About three weeks ago I was presented with an amazing job opportunity. In short, I turned it down. Many of you know I teach college courses and I absolutely love my job. I love it so much I didn’t even take maternity leave, remember? Well, it took me two weeks to make a decision to fully turn down the position, but on the inside, I knew my response the second it was offered to me. No, thanks. It was most definitely a battle between the head and the heart…

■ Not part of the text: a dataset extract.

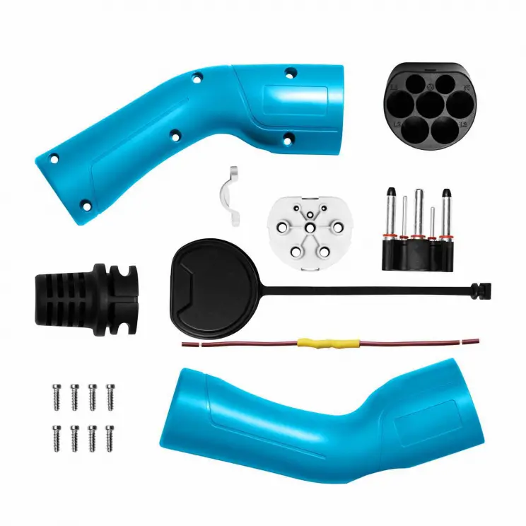 The Akyga® AK-SC-E03 plug has a Type 2 (IEC62169-2) male connector also known as Mennekes. This is the most popular type of connector on the European Electric Vehicle market. It is used to connect the cable to the EVSE charging station. The old connector is worn out and no longer suitable for anything? No problem! Use this accessory to replace the damaged plug or to assemble your own electric vehicle charging cable. The high quality construction guarantees resistance to drops and pressure. What's more, the silver-plated connectors with increased resistance allow the plug to carry a current of 32 A. This makes it possible to use it in both single-phase installations.

I received a call one afternoon requesting I meet with the President of our college. I was scurred. I knew it was really good…or really bad. I actually had never had a conversation with our President; she is pretty darn busy. They scheduled the meeting one week out. You can imagine how s-l-o-w that week went by. Once I got into her office she spent 15 minutes telling me about a program I have not one clue about. In the end she basically said that she wanted to completely restructure a program, the hiring process had been unsuccessful, and she asked her assistant to pull each and every employee for her to look at for a potential match. She said when she got to my name, she knew she wanted to meet with me right away. Color me flattered. Lil’ ole’ me?
Because I have experience working administrative positions and working in eLearning (not to mention teaching) she thought I fit the bill. I really did. The trouble is? I didn’t want to fit the bill. I wanted her to offer me a tenure track teaching position. She offered me an admin position making 25k more than I make now. Who would turn that kind of money down? Me. I talked at length about it with Manfriend and he fully supported my decision either way. My head was saying “yes” to the money, the job security, the ability to advance in the college, and to work in a position I know I could really do well.
But my heart? It was saying “no”. Actually, it was saying “no, no, no, no”.
I was very open and honest in my response to the President. I told her I turned the job down because I love teaching and I actually enjoy going to work but the whole truth is that I turned the job down because of Caleb. I don’t want to work 12 hour days, go to work meetings, travel, and spend my nights checking emails. I’d rather spend my time giving snuggles, tickling, bathing, being barfed on and hanging with my special little guy. I also told her that since we plan on having another child, I know I would probably decide to spend a lengthy amount of time at home and that wouldn’t be fair to anyone. She was more than kind in her response and I feel a lot better now that the decision is made.
Here’s why: that same day I received a letter from one of the schools I work for saying what a great job I am doing. Just this week my supervisor came into my class to tell me how much he appreciates my work and later told one of our textbook publishers that I am a better teacher than he is (yeah, I know…crazy). In those moments I was sure my decision was the right one.
But still…we are planning a wedding and want to buy a home next year. The money really would be nice. I would have snatched it up a year ago but today, no thank you. I love my life. I love my job and that even though I have no job security I get to spend a lot of time at home with my family. All of the money in the world wouldn’t buy me time.
In the end, the heart won out. I sort of feel like it always should.